Everything belongs to God. All truth is his. I can celebrate truth where ever I see it. I do agree that we must be discerning though, about what will lead us into sin, but I trust that the Spirit will lead us into all truth!

Andrew, all I have to say is that you are, as usual, much better at articulating thoughts than I am. WE shall have to discuss Jerram's talk (and other things) further. Also, if I don't see you before tomorrow, enjoy Sigur Ros. Thewyr muusici iis soowe gwoode.

By the way, that last comment was by me.

Indeed. I think the whole Fundamentalist fear of everything "secular" is due to a misunderstanding of what it means to be "in the world but not of it."

BTW, I was responding to Stacy's comment, when Eric slipped his in. Thanks for your affirmation, Eric, and we'll certainly be discussing these things in more detail.

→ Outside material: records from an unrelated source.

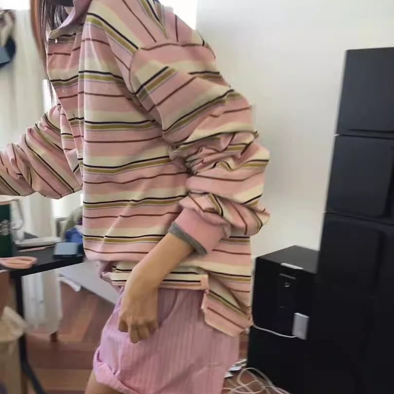 ポロシャツ 長そで レディース 韓国 ファッション マルチボーダー ボタン襟 ラガーシャツ カットソー 長T 秋トップス ロゴ ワンポイント 柄シャツ
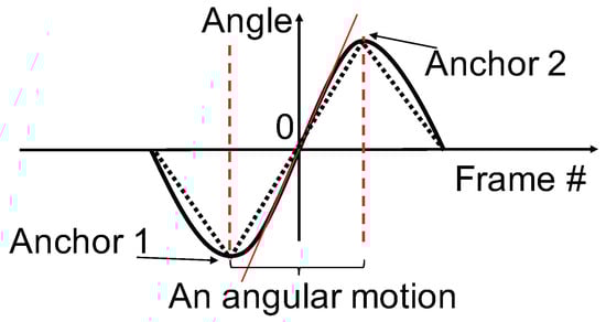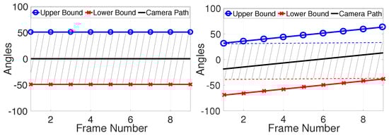 Equations (15) and (16) are conditions on , the angular position of the target at frame k. Solving them for each frame and for each type of motion (yaw, pitch, or roll) gives us an interval of . Any object in the current frame that has an angular position within this interval can be tracked without having a catch-up saccade between the next two frames if the SPEM has already been performed. We defined this interval as  for future convenience.  contains all the information we need to compute the viewing experience of FPVs.
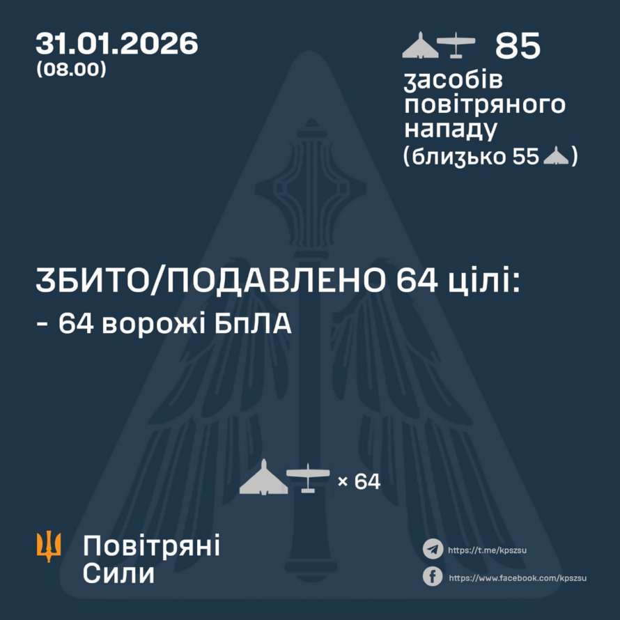 У ніч на 31 січня (з 17:40 30 січня) противник атакував 85 ударними БпЛА типу Shahed, Гербера, Італмас та безпілотниками інших типів із напрямків: Орел, Міллерово, Приморсько-Ахтарськ – рф., близько 55 із них – "шахеди".
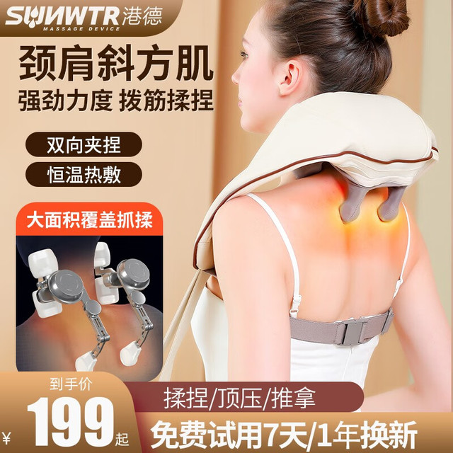 港德 SUNWTR)颈椎按摩器 肩颈揉捏按摩仪 (揉捏+热敷+便携充电款)
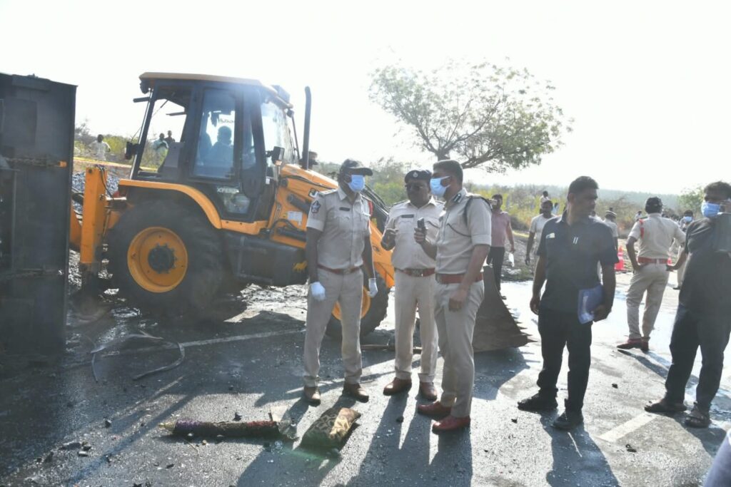 ఈ ఘటనలో 14 మృతి చెందగా 29 మంది సురక్షితంగా బయటపడ్డారు. పలువురు గాయాలయ్యాయి. ప్రమాదం జరిగిన తర్వాత బస్సుకు మంటలు వ్యాపించాయి. బస్సు అద్దాలను పగులగొట్టడంతో ప్రయాణికులు ప్రాణాలతో బయటపడ్డారు.ప్రమాద సంఘటన గురించి తెలుసుకున్న జిల్లా ఎస్పీ వెంటనే సంఘటనా స్థలానికి ఫైర్ ఇంజిన్లు మరియు అంబులెన్సులను పంపించి, తాను కూడా అక్కడికి చేరుకొని పరిస్థితిని పరిశీలిస్తూ రెస్క్యూ టీంతో కలిసి సహాయక చర్యలు చేపట్టి, క్షతగాత్రులను వెంటనే ఆసుపత్రికి తరలించామని తెలిపారు. అనంతరం బస్సు కిటికీలో నుంచి దూకిన కొందరు ప్రయాణికులకు గాయాలు కాగా ఆస్పత్రికి తరలించి క్షతగాత్రులను పరామర్శించి క్షేమ సమాచారాలను తెలుసుకున్నారు.అక్కడి ప్రయాణికులతో మాట్లాడి కేసు నమోదు చేయడంతో పాటు దర్యాప్తు వేగవంతం చేయాలని సంబంధిత అధికారులను ఆదేశించారు. ప్రయాణికులకు సురక్షితంగా వారి ప్రదేశాలకు వెళ్ళుటకు తగిన ఏర్పాటు చేయడం జరిగింది.
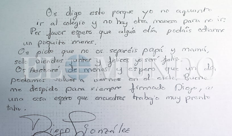 el cielo", agregó Diego González en la misiva, en la que además les pidió:
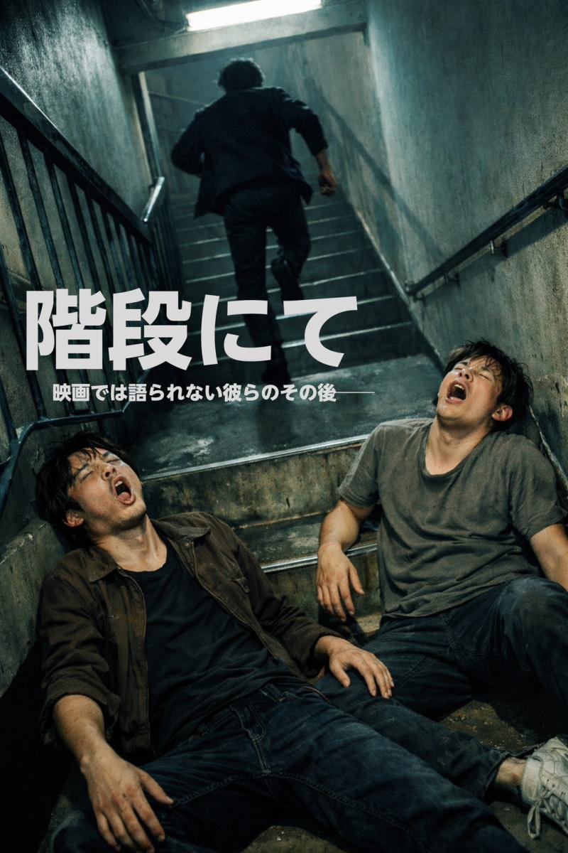 普段は名前も背景も与えられない存在が、カットの合間では何を考え、どう振る舞っているのか、その「裏側」をコメディとして描きます。階段で倒れている⼆⼈は、ヒーローでも悪役でもない「途中で退場する側」
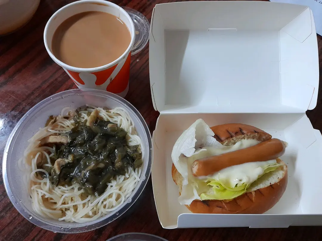 雪菜肉絲米配熱狗,同熱奶茶
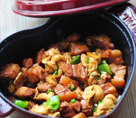 12、炖至五花肉软熟,转大火收稠汤汁,加少许盐调味,撒葱花即可。

Good post. As a young Christian I often "gave up" secular music, thinking that it would give me some kind of a spiritual boost.
Now I enjoy listening to it but maybe I'm more mature and less likely to see the stars as heros to emulate.

I suppose it can be a bit depressing when Christians are wildly enthusiastic about some controvesial star. I find as I get older, I can like the music without liking the lifestyle of the star.

Jerram Barrs has a good talk on Harry Potter on BeThinking.org and he makes some interesting points about how we relate to non-Christian culture.